Configuring Persistent Storage#

A Ray Train run produces checkpoints that can be saved to a persistent storage location.

../../_images/persistent_storage_checkpoint.png

An example of multiple workers spread across multiple nodes uploading checkpoints to persistent storage.#

Ray Train expects all workers to be able to write files to the same persistent storage location. Therefore, Ray Train requires some form of external persistent storage such as cloud storage (e.g., S3, GCS) or a shared filesystem (e.g., AWS EFS, Google Filestore, HDFS) for multi-node training.

Here are some capabilities that persistent storage enables:

  • Checkpointing and fault tolerance: Saving checkpoints to a persistent storage location allows you to resume training from the last checkpoint in case of a node failure. See Saving and Loading Checkpoints for a detailed guide on how to set up checkpointing.

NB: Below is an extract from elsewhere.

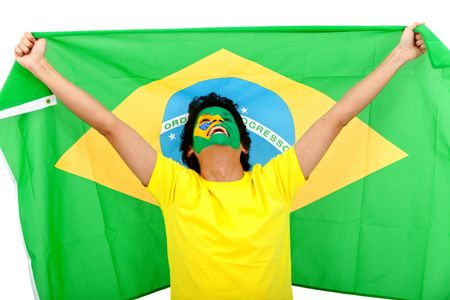 Excited man with the Brazilian flag painted on his face

  • Post-experiment analysis: A consolidated location storing data such as the best checkpoints and hyperparameter configs after the Ray cluster has already been terminated.

  • Bridge training/fine-tuning with downstream serving and batch inference tasks: You can easily access the models and artifacts to share them with others or use them in downstream tasks.

Cloud storage (AWS S3, Google Cloud Storage)#

Tip

Cloud storage is the recommended persistent storage option.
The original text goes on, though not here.